I admit it's silly :)
Undefined behavior? then cast that pointers to void and you're done.

...
printf ("address of ip is %p\n", (void *)ip);
printf ("address of num is %p\n", (void *)&num);
...

Daniele
Nov 14 '05 #16

P: n/a
Frane Roje wrote:
I'm not sure about this but I think that when you write int *p=20; the
compiler will handle the memmory allocation of the int which has '20' value.


No, it will not. Unless You make p point somewhere decent first the
above is wrong.

--
Thomas

Nov 14 '05 #17

P: n/a
tinybyte <ne******@box.it> wrote:
On Thu, 08 Jan 2004 14:57:21 +0530, Vijay Kumar R Zanvar wrote:
On my system the output is

value of num is 200(200)
on my system is 200(200) too, using gcc.
I think that being an undefined behavior according to the standard,
as Martin pointed out, the developers of the compiler used by user
have made up a mess.


No, the compiler used by the OP is quite as logical as gcc, and possibly
better at optimising - it seems to have diked out all references to the
const int and replaced them with the constant value, which is both a
sensible optimisation, and potentially quite a valuable one.
gcc handles it logically,


s/logically/lazily/, IYAM.

Richard
Nov 14 '05 #18

P: n/a
tinybyte <ne******@box.it> wrote:
On Thu, 08 Jan 2004 10:39:30 +0000, Kevin Goodsell wrote:
There's no good reason to try to explain undefined behavior. In this
case, the compiler probably eliminated a fetch from memory by using the
value 100 directly, since it "knew" that's what the stored value would be.
There's always a good reason to try to know how things really works.
Now we had discovered that that compiler is broken. gcc handles the
thing correctly, as it should be.


Wrong, and wrong. The OP's compiler is quite correct, and gcc handles
this code as it _may_, not as it _should_ be handled. The code invokes
undefined behaviour - changing the value of a const object - and _any_
behaviour after that is correct.
Just saying "according to the
standard" isn't enough. According to the standard that piece of code
is broken, but it actually executes, and sometimes properly.
For _some_ values of properly. _My_ value of properly is the reverse -
I'd rather have a compiler that compiles correct code to a fast
executable than one that compiles incorrect code to appear to be
correct. Hence, I'd prefer the OP's compiler to gcc.
You're not compiling programs with the standard, but with compilers.

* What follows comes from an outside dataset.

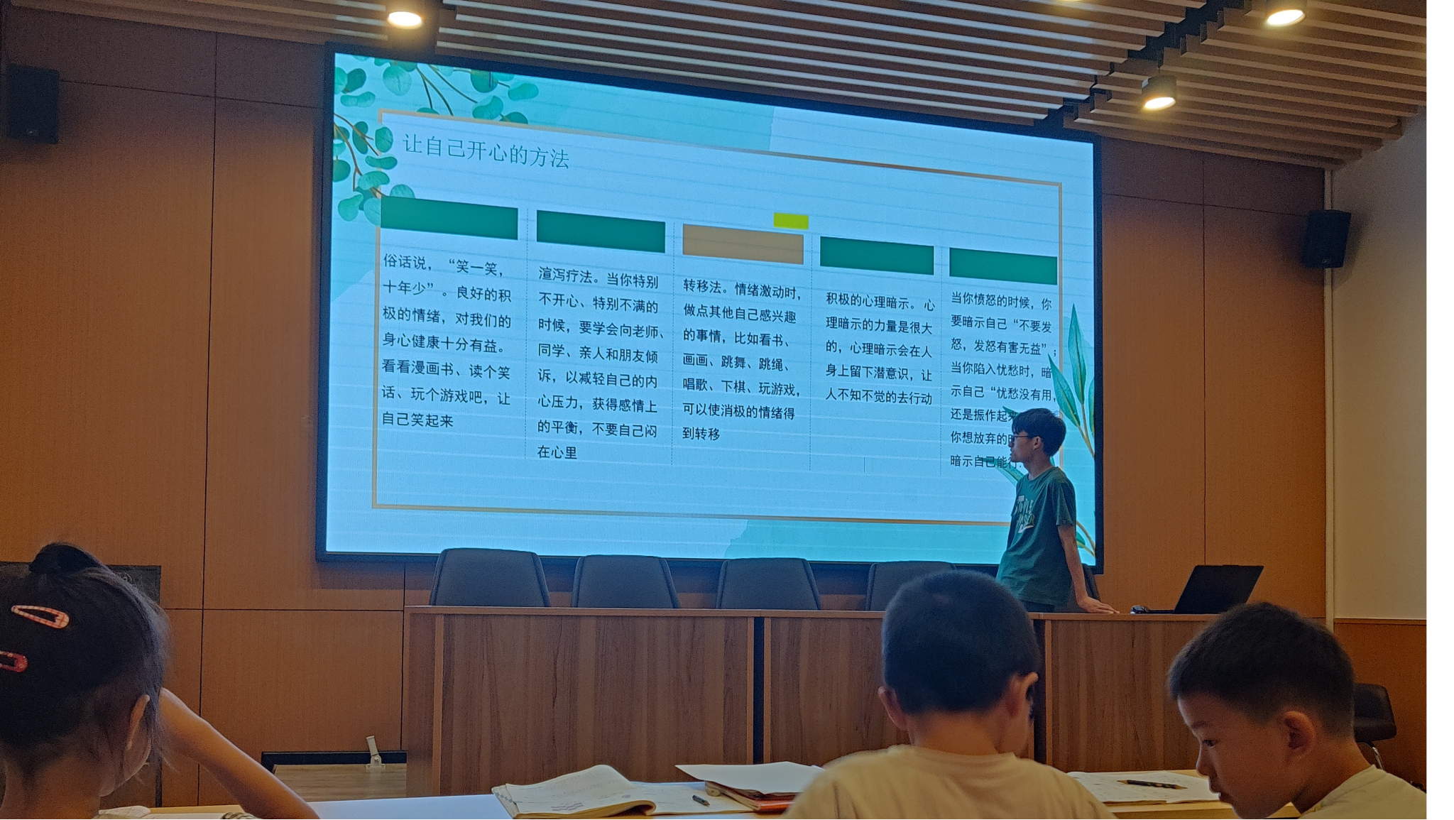 当天上午,志愿者们来到顺路社区,通过成语接龙等破冰小游戏与社区小朋友初步熟悉。随后,主持人陈伟通过几张有趣的心理学图片引入内容,与小朋友们进行了一场视觉游戏。以经典的“米勒·莱尔幻觉”图为例,主讲人陈伟指出看图角度影响看图所获信息的观点。接下来,其余志愿者通过情景剧表演的形式演绎经典故事——卖伞与卖鞋,与小朋友们进行互动,提出面对考试失败的四种态度,并邀请四名同学进行角色扮演,带领大家一同探讨四种态度分别导致的结果。讲座的最后,主讲人介绍了五种排解情绪的方法,有利于保持良好心态,做情绪的主人,预防心理健康问题。

A meaningless statement, really.

Richard
Nov 14 '05 #19

P: n/a
tinybyte wrote:
On Thu, 08 Jan 2004 10:39:30 +0000, Kevin Goodsell wrote:
There's no good reason to try to explain undefined behavior. In this
case, the compiler probably eliminated a fetch from memory by using the
value 100 directly, since it "knew" that's what the stored value would be.

There's always a good reason to try to know how things really works.
Now we had discovered that that compiler is broken.


No we have not.
gcc handles the
thing correctly, as it should be.
No it does not. There is no right way and there is no wrong way.
Just saying "according to the
standard" isn't enough.
Yes it is.
According to the standard that piece of code
is broken, but it actually executes, and sometimes properly.
There is no properly.
You're not compiling programs with the standard, but with compilers.


Which conform to a standard. When the standard says that something is
undefined you cannot rely on the behaviour of any compiler when using
that something. The result will be different between different compilers
hence rendering your code unportable. The result will be different
between different versions of the same compiler. The result will even be
different for the same compiler invoked with different flags.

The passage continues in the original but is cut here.